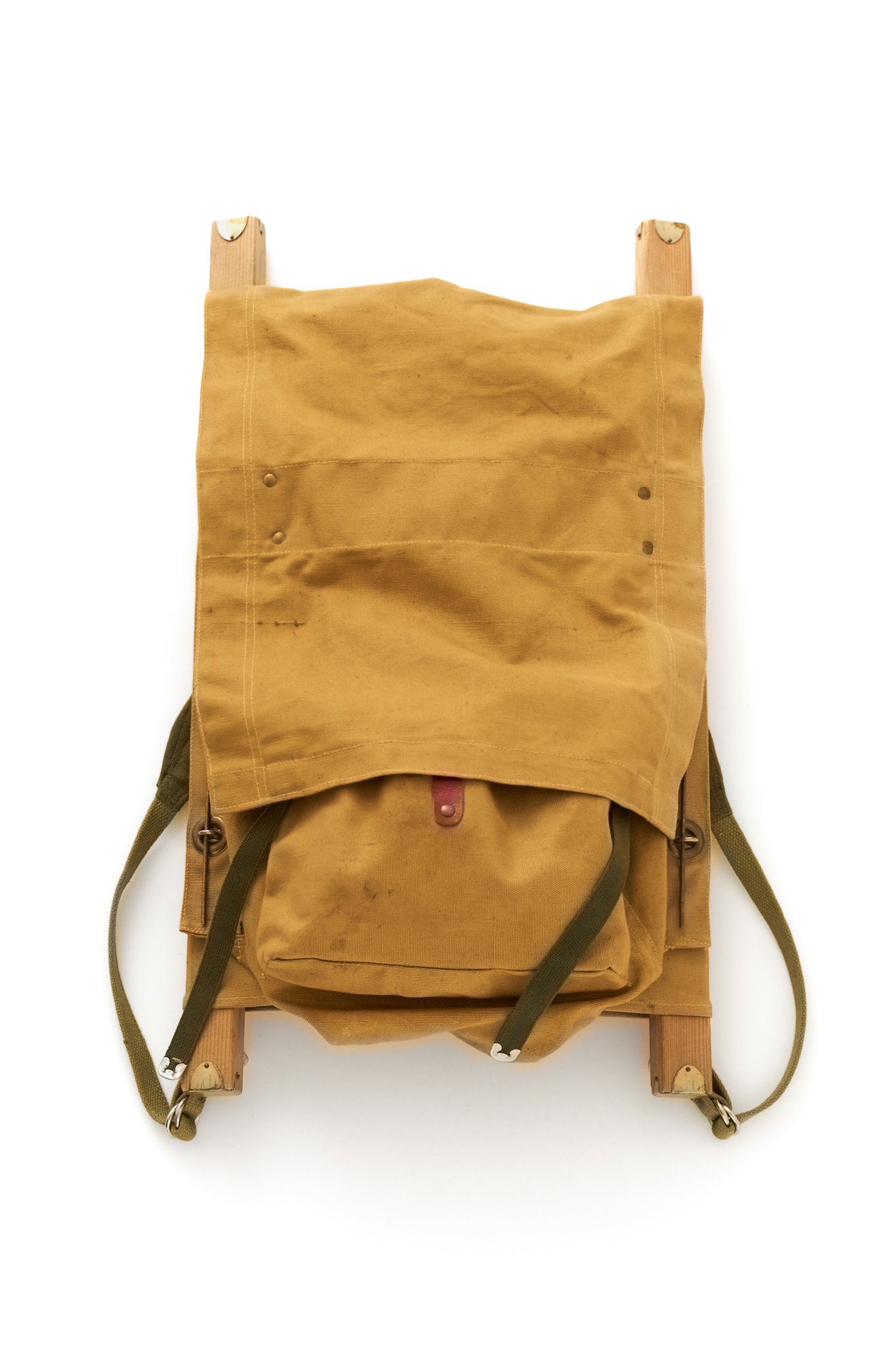 仁田:現代のバックパックの原型と言われるもので、昔のボーイスカウトやアウトドアのシーンで使われていたそうです。それ以前は背負子で荷物をくくりつけていたので、その名残で木製フレームがついています。付属の鉄の棒はキャンプで薪をいじるときに使用できるもので機能性もあって。こちらは1940〜50年代に作られたものです。
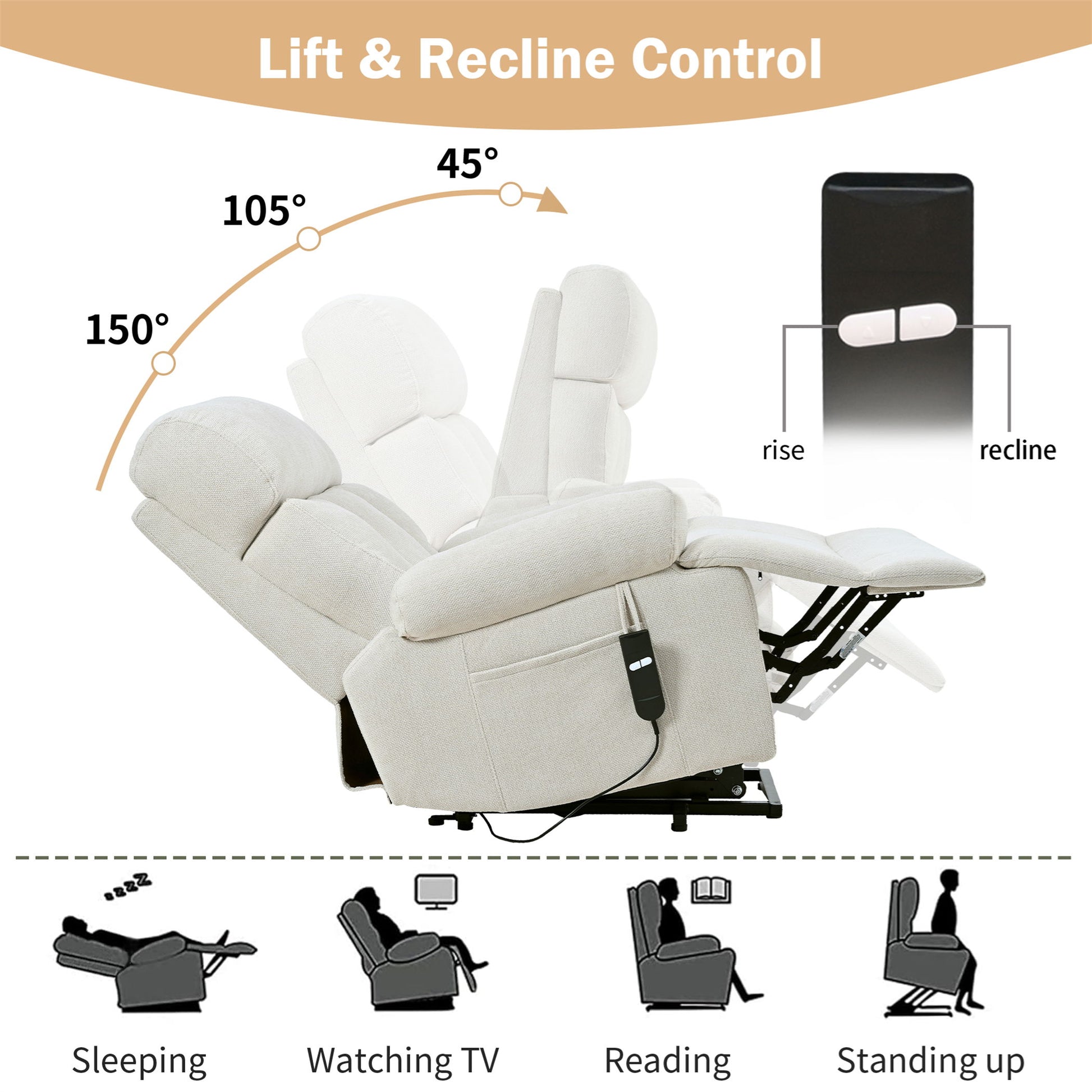 - Convenient Side Pocket: Spacious side pocket keeps magazines, remotes, and essentials within easy reach; remote control simplifies lifting and reclining functions.
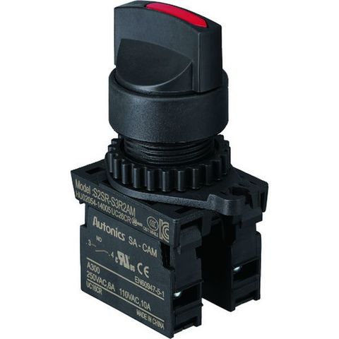 ・動作:90°2ノッチ・接点構成:2a・回路数:2・機能動作:オルタネイト・取付穴寸法(mm):25・パネルカットサイズ(mm):Φ25.5・色:赤
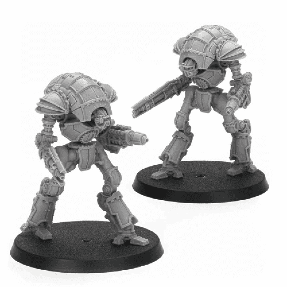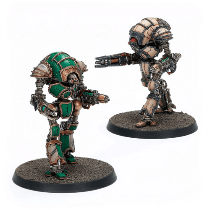 Adeptus Titanicus: Mechanicum Cerastus Knights Atrapos - One of the most revered classes of Knights, the Knight-Atrapos is a unique variant type of the Cerastus pattern bearing rare and potent weaponry of annihilation. Originally created solely to destroy heretek engines and xenos war machines whose very existence was considered a blasphemy to the Omnissiah, the Knight-Atrapos would earn a dark reputation during the Horus Heresy for the threat they posed to Titans, both Loyalist and Traitor. The Cerastus Knight-Atrapos specialises in devastating enemy Titans. Swift and agile, they can quickly close on the larger war engines before their prey can draw a bead on them. Macro-extermination Protocols make them more effective when targeting the largest of Titans, and both their graviton singularity cannons and Atrapos lascutters can break through even the heavy armour of a god-machine. A combination of a strong hull and ionic flare shield makes the Cerastus Knight Atrapos extremely durable. Coupled with their offensive capability and speed, this makes them a great choice for a Household commander who wants to close quickly with the enemy and cause massive damage. This resin kit includes 20 components which will build two Cerastus Knights-Atrapos armed with Atrapos lascutters and graviton singularity cannons.
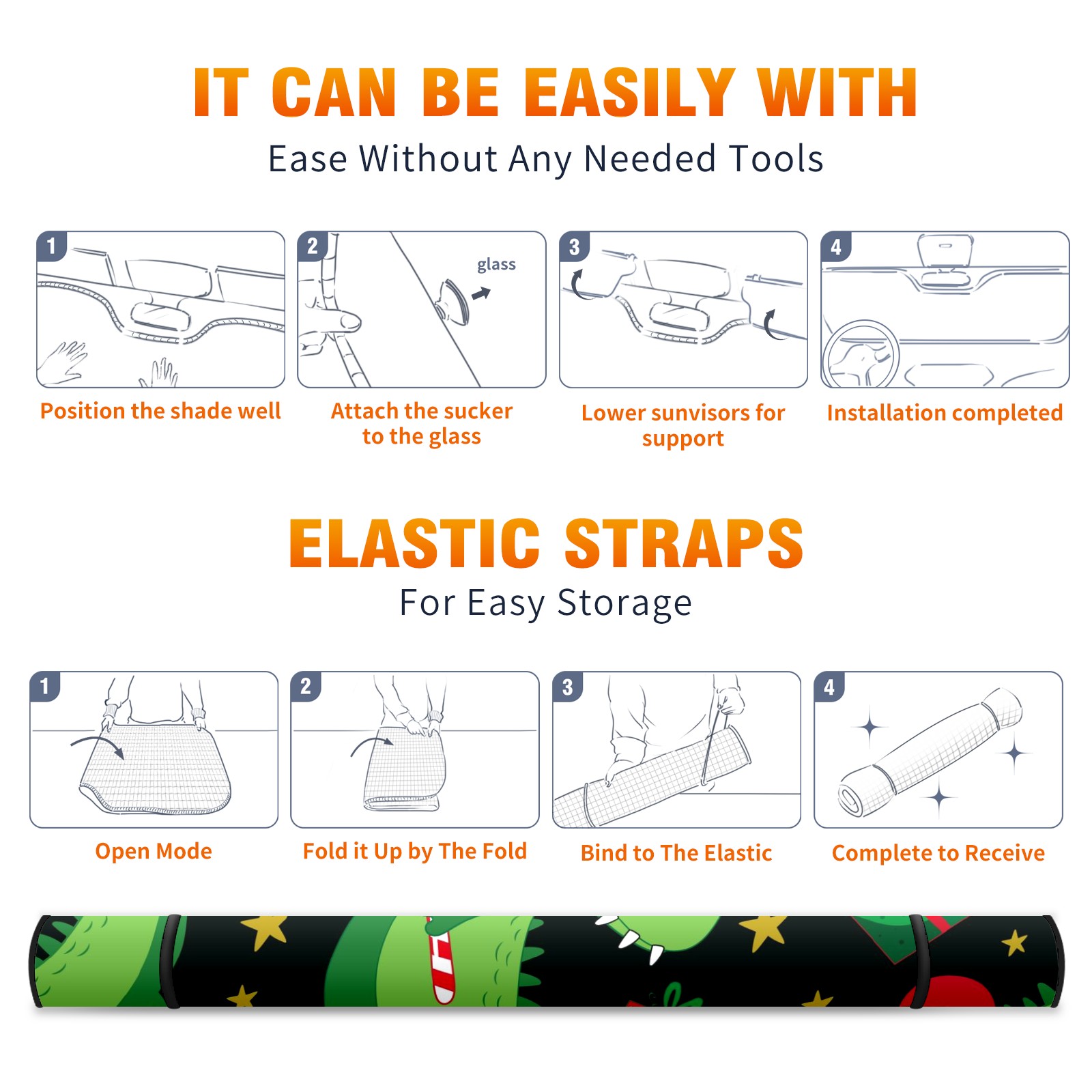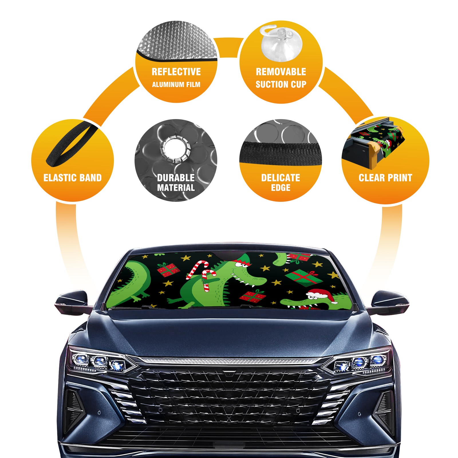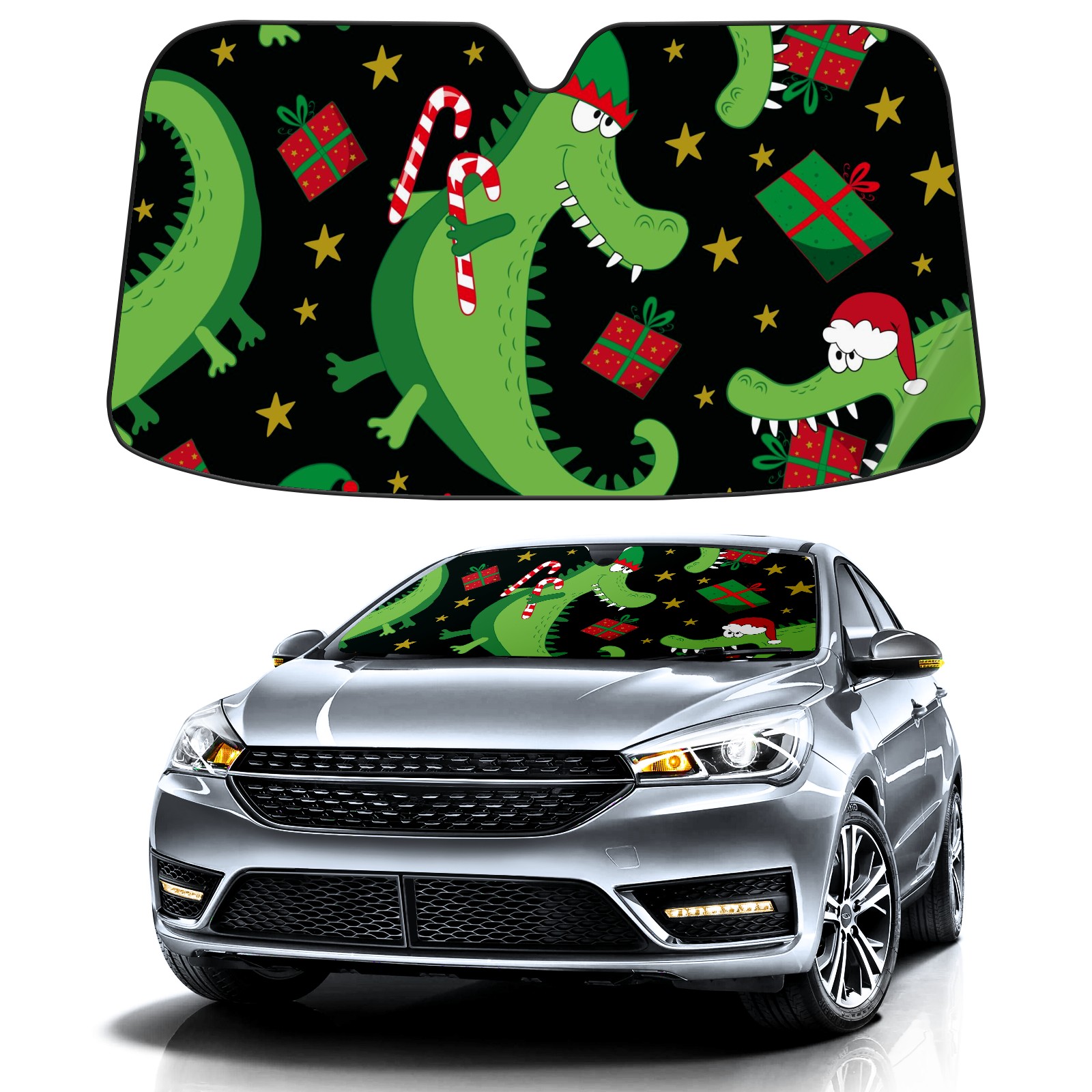 Car Windshield Sun Shade For Front Window Chritmas Crocodile Foldable Vehicle Windshield Car Sun Visor Covers Automotive Window Protector Car Camping Privacy Sun Blocker

* * * * * * * * *

One exact copy of the data is required, and it should hold no pictures.

Solution to this exercise
 仁田:現代のバックパックの原型と言われるもので、昔のボーイスカウトやアウトドアのシーンで使われていたそうです。それ以前は背負子で荷物をくくりつけていたので、その名残で木製フレームがついています。付属の鉄の棒はキャンプで薪をいじるときに使用できるもので機能性もあって。こちらは1940〜50年代に作られたものです。
 - Convenient Side Pocket: Spacious side pocket keeps magazines, remotes, and essentials within easy reach; remote control simplifies lifting and reclining functions.
 ・動作:90°2ノッチ・接点構成:2a・回路数:2・機能動作:オルタネイト・取付穴寸法(mm):25・パネルカットサイズ(mm):Φ25.5・色:赤
 Adeptus Titanicus: Mechanicum Cerastus Knights Atrapos - One of the most revered classes of Knights, the Knight-Atrapos is a unique variant type of the Cerastus pattern bearing rare and potent weaponry of annihilation. Originally created solely to destroy heretek engines and xenos war machines whose very existence was considered a blasphemy to the Omnissiah, the Knight-Atrapos would earn a dark reputation during the Horus Heresy for the threat they posed to Titans, both Loyalist and Traitor. The Cerastus Knight-Atrapos specialises in devastating enemy Titans. Swift and agile, they can quickly close on the larger war engines before their prey can draw a bead on them. Macro-extermination Protocols make them more effective when targeting the largest of Titans, and both their graviton singularity cannons and Atrapos lascutters can break through even the heavy armour of a god-machine. A combination of a strong hull and ionic flare shield makes the Cerastus Knight Atrapos extremely durable. Coupled with their offensive capability and speed, this makes them a great choice for a Household commander who wants to close quickly with the enemy and cause massive damage. This resin kit includes 20 components which will build two Cerastus Knights-Atrapos armed with Atrapos lascutters and graviton singularity cannons.
 Car Windshield Sun Shade For Front Window Chritmas Crocodile Foldable Vehicle Windshield Car Sun Visor Covers Automotive Window Protector Car Camping Privacy Sun Blocker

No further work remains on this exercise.